Some of the most complex, and politically problematic, elements of the plan revolve
around its treatment of international trade, which creates winners and losers. And
some of those potential losers are powerful.
Consider what border adjustment means: When an American company exports
goods under this new tax system, it would not pay any taxes on its international sales,
while its imports would be taxed. So a company that spent $80 making something
that it sold overseas for $100 would pay no tax on its earnings. A company that
imported goods worth $80 from abroad and them sold them domestically for $100
would pay tax on the full $100.
At first glance this looks as if it would boost exports and reduce the trade deficit.
Indeed, it might prove politically promising for advocates of the strategy to pitch the
plan as one that would do this.
Many economists think it won’t work that way, however. That’s because as soon as a
cash-flow-based tax with border adjustment looks likely to become law, the value of
the dollar should rise in currency markets. And that stronger dollar could eliminate
the apparent pro-export, anti-import effects of the tax.

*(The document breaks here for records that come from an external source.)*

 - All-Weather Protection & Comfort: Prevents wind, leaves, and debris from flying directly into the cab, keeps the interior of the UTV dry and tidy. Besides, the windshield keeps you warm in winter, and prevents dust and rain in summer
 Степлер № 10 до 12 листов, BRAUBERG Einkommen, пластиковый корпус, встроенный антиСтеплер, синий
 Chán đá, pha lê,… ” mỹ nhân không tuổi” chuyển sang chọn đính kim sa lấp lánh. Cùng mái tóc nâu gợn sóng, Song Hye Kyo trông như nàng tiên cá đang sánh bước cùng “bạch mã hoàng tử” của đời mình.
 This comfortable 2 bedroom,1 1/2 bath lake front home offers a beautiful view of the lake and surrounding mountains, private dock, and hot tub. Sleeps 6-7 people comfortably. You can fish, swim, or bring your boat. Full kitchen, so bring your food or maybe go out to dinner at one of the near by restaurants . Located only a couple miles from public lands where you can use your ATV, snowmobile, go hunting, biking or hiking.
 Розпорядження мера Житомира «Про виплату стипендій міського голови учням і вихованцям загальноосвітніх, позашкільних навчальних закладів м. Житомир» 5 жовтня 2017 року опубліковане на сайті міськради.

The dollar could rise by, say,
20 to 25 percent, and the trade balance could remain about where it started.
Essentially, moving to this system means betting on a “textbook economic
theory,” as analysts at Evercore ISI put it, becoming a reality even though the effect
hasn’t been tested in practice.
If the dollar doesn’t strengthen as expected, for example, import-dependent
industries, especially those with lean profit margins, could face disaster. That helps
explain why some of the stiffest opposition to this tax overhaul is coming from the
retail industry. Essentially, economists are telling them “trust us, our models say the
currency will adjust and it will all come out in the wash,” but if the models are wrong,
for companies like Walmart, Target and many others that sell large volumes of
imported goods, their viability could be threatened.
If the models turn out to be right, there is a different set of risks. The United States
dollar is the linchpin of the global financial system, and a large move in its value
triggered by changes in domestic tax policy could have unforeseen effects.

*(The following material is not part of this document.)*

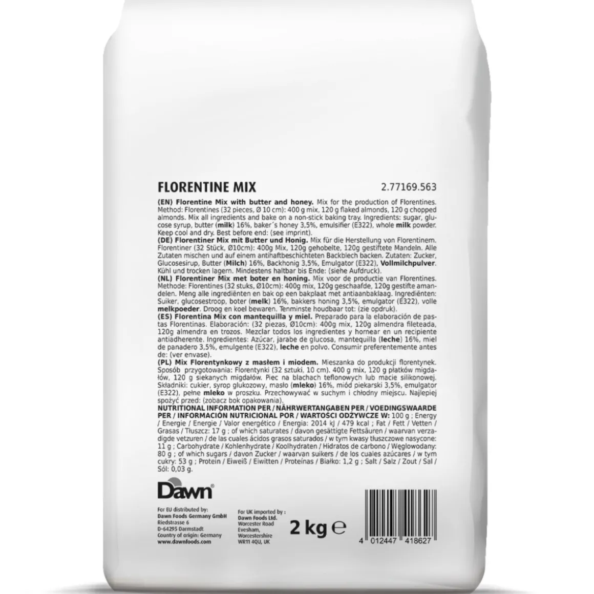 Florentine koekjes zijn heerlijk om bij de koffie te serveren, maar ook ideaal te gebruiken ter decoratie op baksels. De Dawn florentiner mix wordt geleverd in een zak van 2 kilogram.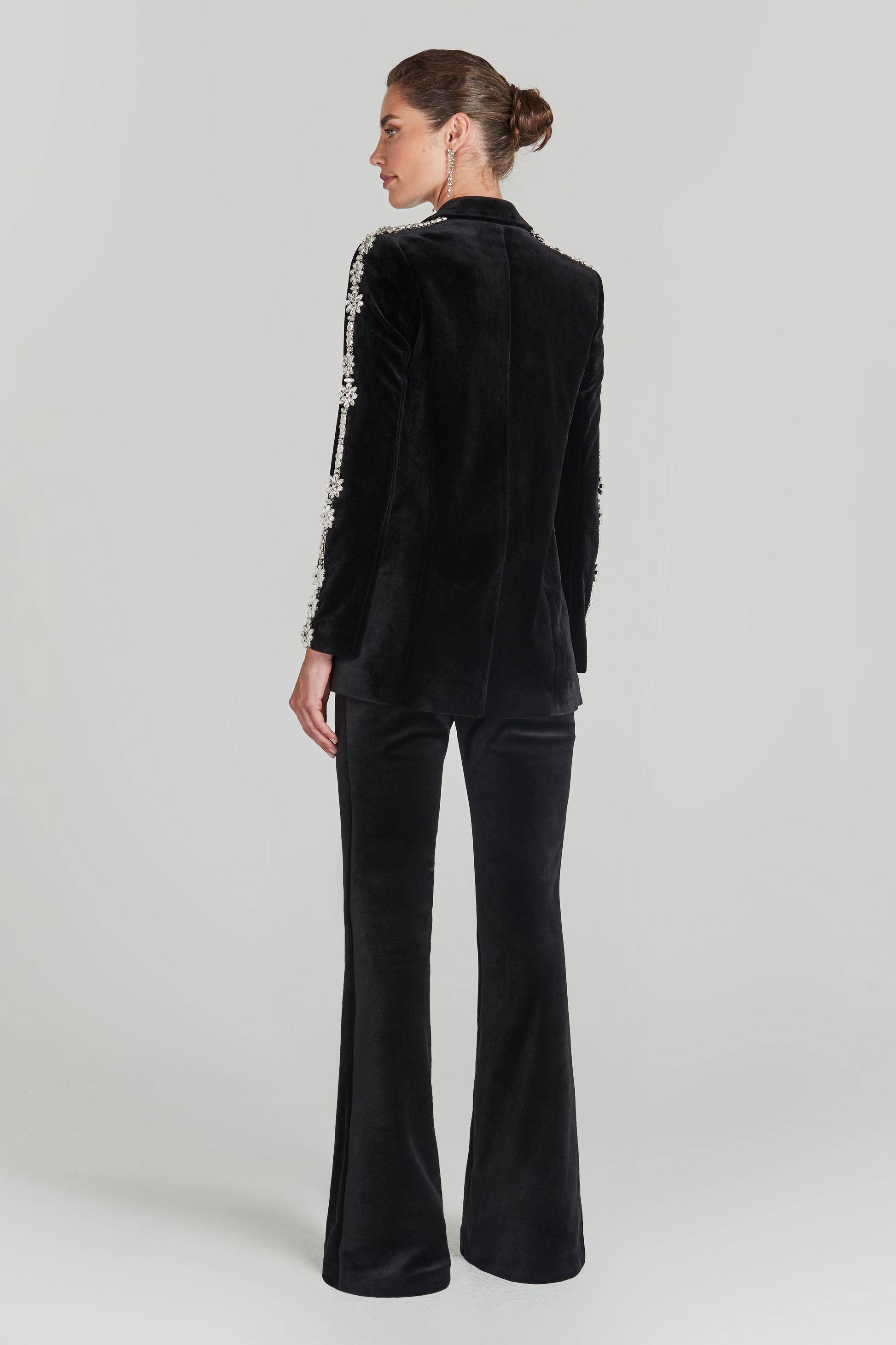 Elevate your collection with our iconic DAVINA. This sophisticated black velvet embellished blazer features a statement diamanté trim of crystal flowers for added decadence. Made from our exclusive velvet and fully lined with satin for a smooth and comfortable fit, this luxurious take on a women’s blazer is a must-have piece for this season and beyond. Matching black velvet trousers and black velvet embellished bra top are available.

Many companies worldwide, especially banks and especially in emerging markets,
have debt denominated in dollars, which would become more of a burden after a new
dollar appreciation. A big dollar rise would also effectively shift trillions in wealth
from American investments overseas toward global investors with assets in the
United States.
As Jared Bernstein of the Center on Budget and Policy Priorities has noted, we don’t
really know what the distributional consequences of this tax overhaul would be. It
could increase the costs of imported goods that the poor spend a disproportionate
portion of their income on, like clothing and gasoline. That would be bad news for
poorer Americans even as it makes the overall economy more efficient.

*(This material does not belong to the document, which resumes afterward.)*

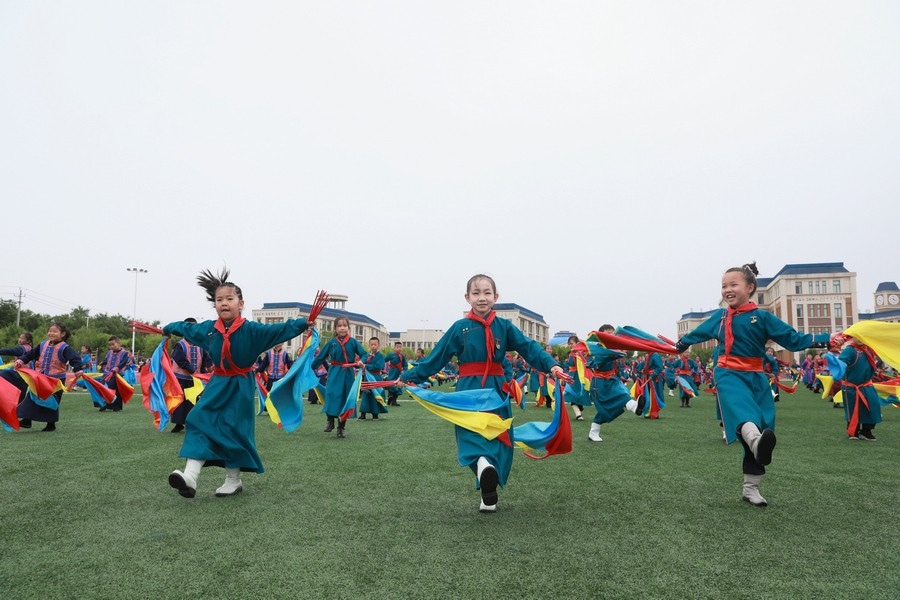 北疆新聞鄂爾多斯5月29日電(記者 張楊)“我們以鑄牢中華民族共同體意識(shí)為主線,創(chuàng)建了4個(gè)‘千人文化’特色課程,分別為千人足球、千人《江格爾》、千人筷子舞、千人棋類。”5月29日,內(nèi)蒙古鄂爾多斯鄂托克前旗“美育潤(rùn)心·筑夢(mèng)同行”第十四屆中小學(xué)師生藝術(shù)節(jié)暨慶“六一”國(guó)際兒童節(jié)多彩大課間操展示活動(dòng),在鄂托克前旗第一小學(xué)舉行。該校校長(zhǎng)阿拉騰達(dá)來(lái)接受記者采訪時(shí)表示,創(chuàng)建這個(gè)特色課程的主要目的,是培養(yǎng)孩子多方面的才藝,為祖國(guó)培養(yǎng)有用之才。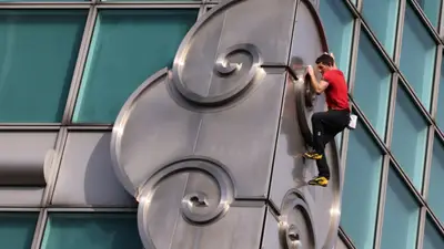 La fase final, considerada la más peligrosa por los organizadores, comenzó al alcanzar la torre superior del edificio, donde los desplomes exigieron toda la fuerza de sus brazos. Desde allí avanzó por los anillos hasta la aguja, rematada por una pequeña esfera metálica suspendida sobre el vacío, donde se hizo un 'selfie' para la posteridad.

There’s still a lot of work to be done to understand the far-reaching consequences of
the D.B.C.F.T. (also, work to be done to find a catchier name). But there’s a broader
point about the nature of any major policy reform. The benefits of a reworked
corporate tax code would emerge slowly; these disruptions and costs could arrive
almost instantly.
No matter the outcome, 2017 will be a fascinating year in which core components of
the tax system – with long-lasting economic consequences – will be up for grabs.